Awalnya, saya merasa yakin untuk memberikan bintang 1 atau bintang 2 terhadap buku yang tidak saya suka. Tapi selalu saja, setelah saya pikir-pikir kembali, kok rasanya saya kejam sekali ya, hahhah. Saya jadinya selalu mencari -cari alasan untuk memberikan buku tersebut setidaknya 3 bintang.
Penilaian saya jadi bias. Rasanya saya tidak tega mengatakan kalau sebuah buku itu jelek. Meskipun jeleknya itu cuma pendapat saya.

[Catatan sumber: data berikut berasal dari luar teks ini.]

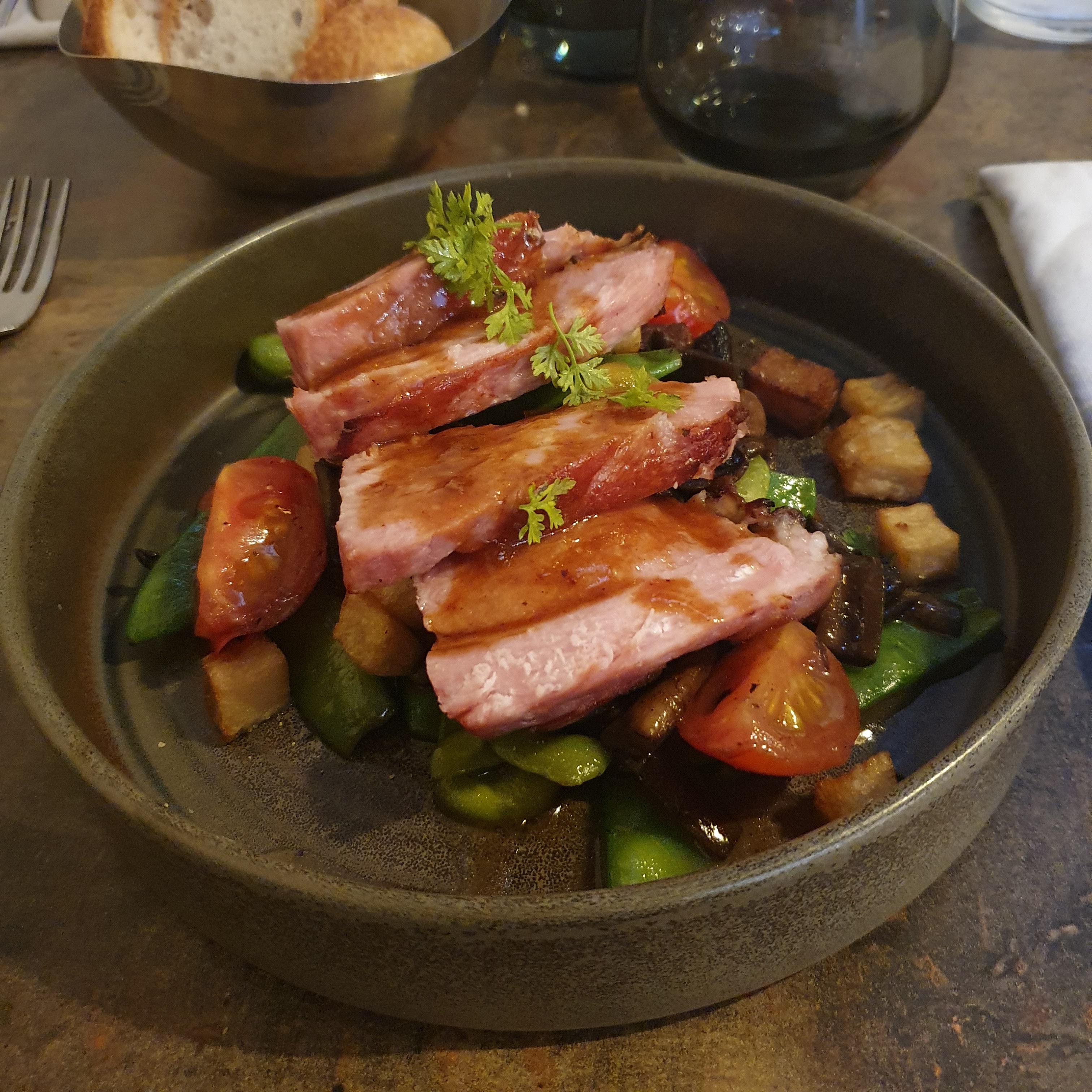 Des produits frais et de qualité très bien travaillés : burrata noire de Crimée roquette et jambon sec, un magnifique carré de porc grillé et tendre, et la qualité tient jusqu'au dessert !! Ajoutez à cela une très belle carte des vins pour l'accord mets et vins avec les conseils de connaisseur de Medhi (sommelier),et vous passez une très belle soirée gustative, dans une ambiance détendue
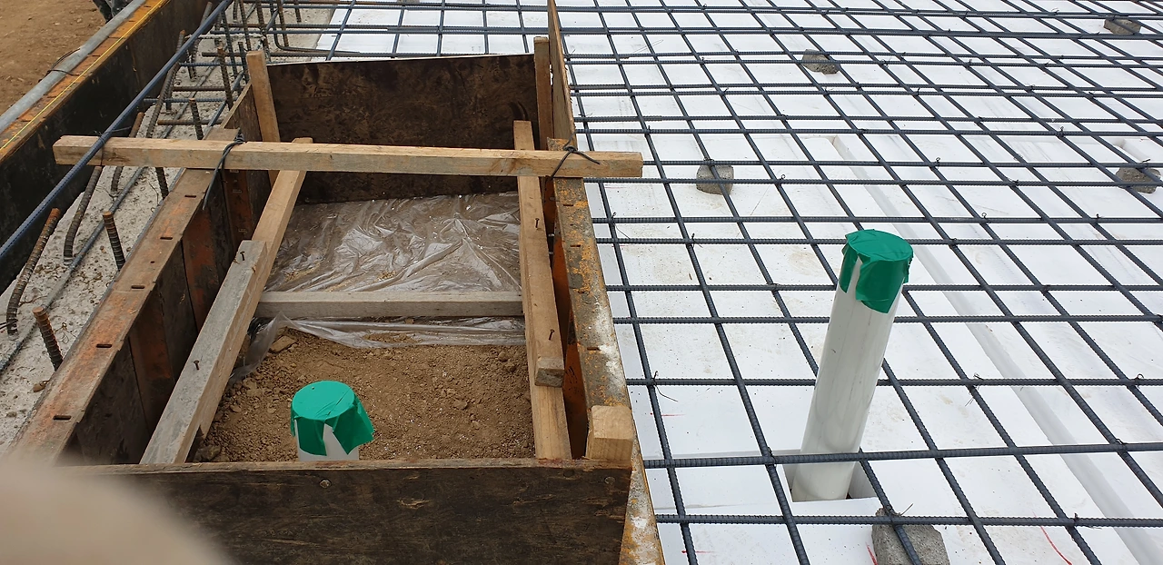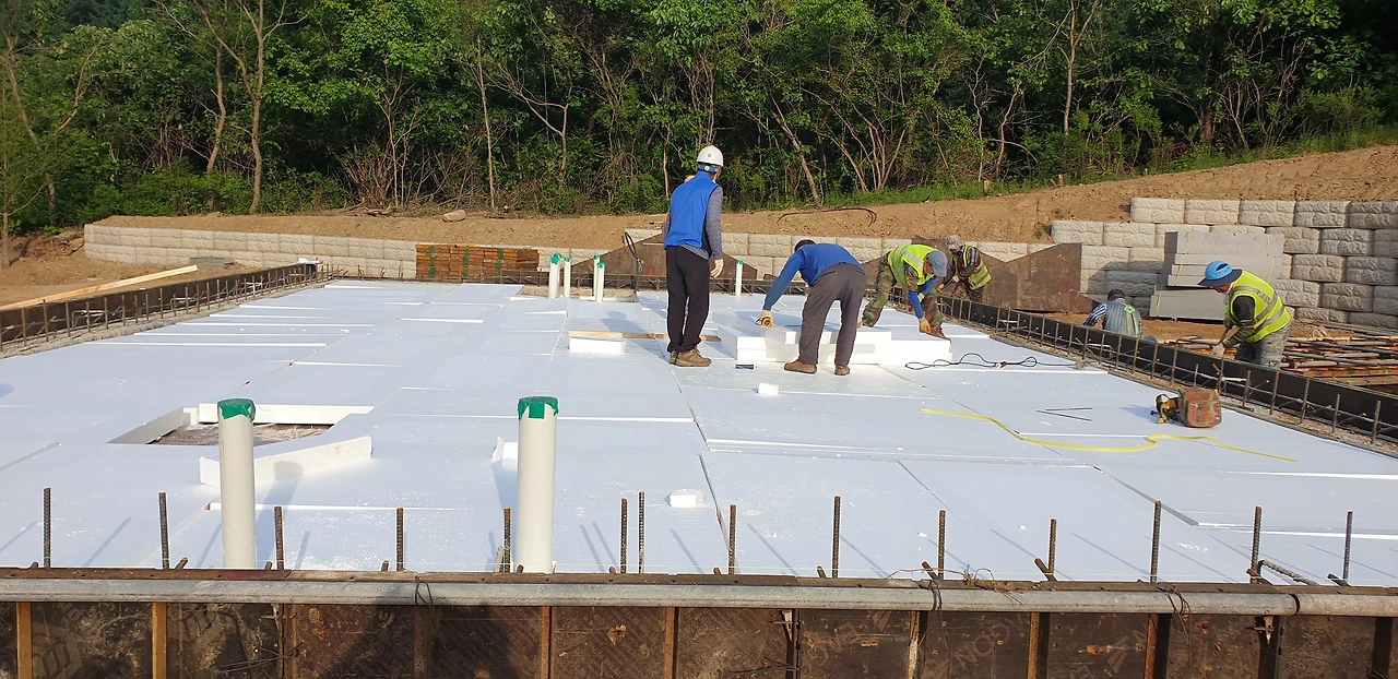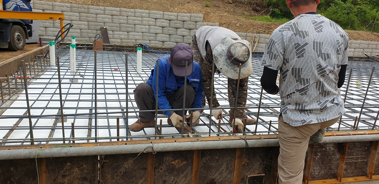 스티로폼을 깔고 다시 철근을 배근합니다.

Gara-gara sifat ga enakan ini, saya jadi kesal sendiri. Soalnya saya pernah jadi “korban rating bagus”, tapi ketika membaca bukunya, saya … eh … kurang suka. Tapi, seperti yang sudah saya bilang sebelumnya, saya tidak tega memberi rating jelek, alhasil, buku tersebut juga saya kasih rating yang bagus, *kenakeplak*.
Jadi pesan moralnya, kepada kalian yang sering melihat rating-rating saya untuk sebuah buku, tolong jangan terlalu dipercaya ya. Terutama untuk buku-buku yang saya beri rating 3, huehehe, *kabur*.
***
Oke deh, itulah pengakuan-pengakuan saya. Yuk intip pengakuan para BBI-ers lain di sini. Kocak-kocak dan ajaib-ajaib loh. Saya bahkan masih terheran-heran karena ada beberapa hal tertentu tentang buku yang saya anggap sah-sah saja, tapi ternyata merupakan hal yang “tidak sah” bagi para bookish lain. Jadi dapat pesan moral baru, tentang sesuatu yang sederhana buat kita, belum tentu sederhana buat orang lain, *tsaaah*.
At last, sampai jumpa lagi di posting bareng bulan Juli yaaaaa. Daaaah.